Kingdom Story Company
- Logo since 2019
- Formerly: Kingdom Studios (2019)
- Type: Film production
- Industry: Faith-based entertainment
- Founded: March 26, 2019; 7 years ago
- Founder: Erwin Brothers Kevin Downes Tony Young
- Headquarters: Nashville, Tennessee Los Angeles, California
- Key people: Jon Erwin (CEO) Andrew Erwin (CCO) Kevin Downes (chief of production and distribution) Tony Young (chairman)
- Products: Motion pictures Television programming
- Owner: Lionsgate Studios Erwin brothers Kevin Downes Tony Young
- Website: www.kingdomstorycompany.com

= Kingdom Story Company =

American film and television studio

Kingdom Story Company (formerly known as Kingdom Studios) is an American independent film and television studio in partnership with Lionsgate specializing in the production of Christian films. It was founded on March 26, 2019 by the Erwin Brothers (Jon and Andrew Erwin), Kevin Downes, and Tony Young and is based in Franklin, Tennessee.

==History==
Kingdom was funded by profits from the Erwins' film I Can Only Imagine, which was released in early 2018 by Lionsgate, grossing more than $83 million at the domestic box office on a $7 million budget. Subsequent negotiations with Lionsgate culminated in a multi-year deal in which it was agreed that the Erwin Brothers and Kevin Downes would create faith-based feature films and television programming for the company. Lionsgate Motion Picture Group Chairman, Joe Drake, and Television Group Chairman, Kevin Beggs announced the agreement on August 9, 2018.

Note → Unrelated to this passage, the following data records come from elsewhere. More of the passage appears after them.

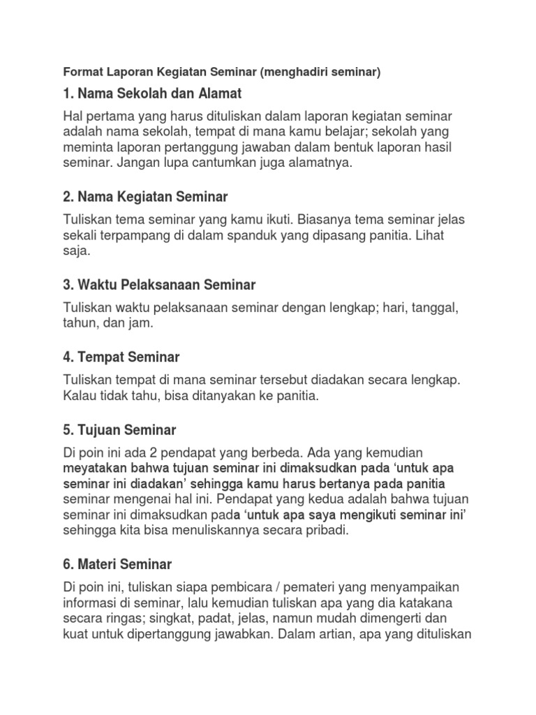 Sintesa Contoh Laporan Kegiatan Seminar 2 Jenis Mengikuti Seminar Mengadakan Seminar Page 1 Created With Publitas Com. Persidangan di sini termasuklah juga Kongres Seminar Forum Simposium Kolokium Wacana Ceramah MesyuaratPerjumpaan dan Bengkel yang tidak bersifat Kursus.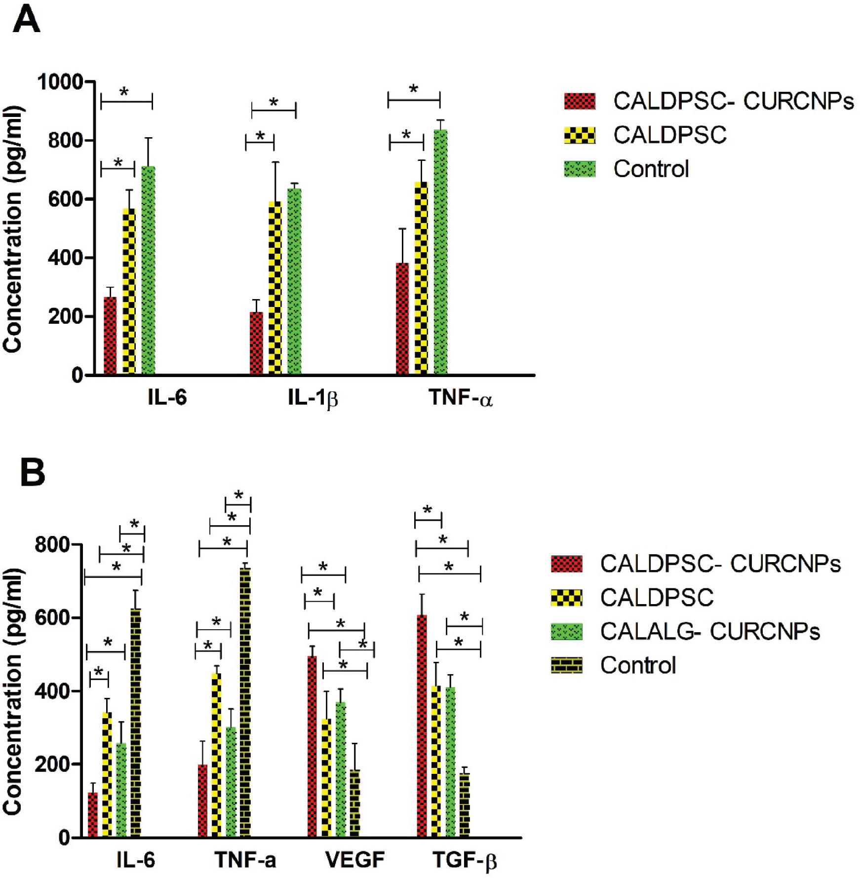Results (Figure 3A) showed that J774A1 cells cultured on CALDPSC-CURCNPs hydrogels released significantly lower amounts of Il-6, IL-1β, and TNF-α than the cells cultured on CALDPSC and tissue culture plate. Differences between control and CALDPSC groups were not significant.
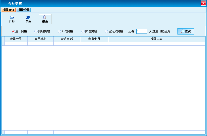 支持会员生日、会员卡到期、会员回访、护理以及自定义的提醒的查询和设置。可添加、修改、删除会员提醒。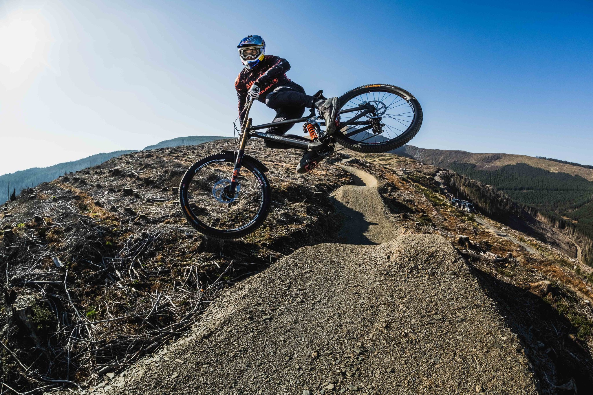 В Великобритании большинство основных трасс для скоростного спуска проходит в Шотландии или Уэльсе, поскольку эти страны более гористые. Форт-Уильям в Шотландии — единственная в Великобритании стандартная трасса чемпионата мира по футболу и место проведения чемпионата мира 2007 года. Основная серия в Великобритании — это Halo BDS (British Downhill Series), организованная Си Патоном (Descent-Gear.com) и Дэйвом Франсиози. Многие раунды Halo BDS проходят в Уэльсе, в том числе и в Лланголлене.Моэльфре в Среднем Уэльсе. В Шотландии они находятся в Гленко и Форт-Уильям. В Великобритании родились десятки успешных горных байкеров, включая Стива Пита, Джи Атертона, Марка Бомонта, Джоша Брайсленда и Брендана Фэйркло.

Kingdom Story Company was announced to have been launched on March 26, 2019, at the National Religious Broadcasters convention in Anaheim, California.

I Still Believe, Kingdom's first film project, began filming in the spring of 2019 and was released on March 13, 2020.

In September 2019, it was announced that Kingdom would be launching a television division, headed by The Big Bang Theory producer Mona Garcea.

After Kingdom acquired the film rights to NFL quarterback Kurt Warner's life story, interviews, and memoir, American Underdog: The Kurt Warner Story was announced in February 2020, and released on December 25, 2021.

In November of 2024, after Jon Erwin departed Kingdom Story Company to launch Wonder Project, it was announced that Kingdom Story Company and Lionsgate had renewed their first look deal for the third time, with the additional announcement that President and COO Brandon Gregory had been promoted to partner.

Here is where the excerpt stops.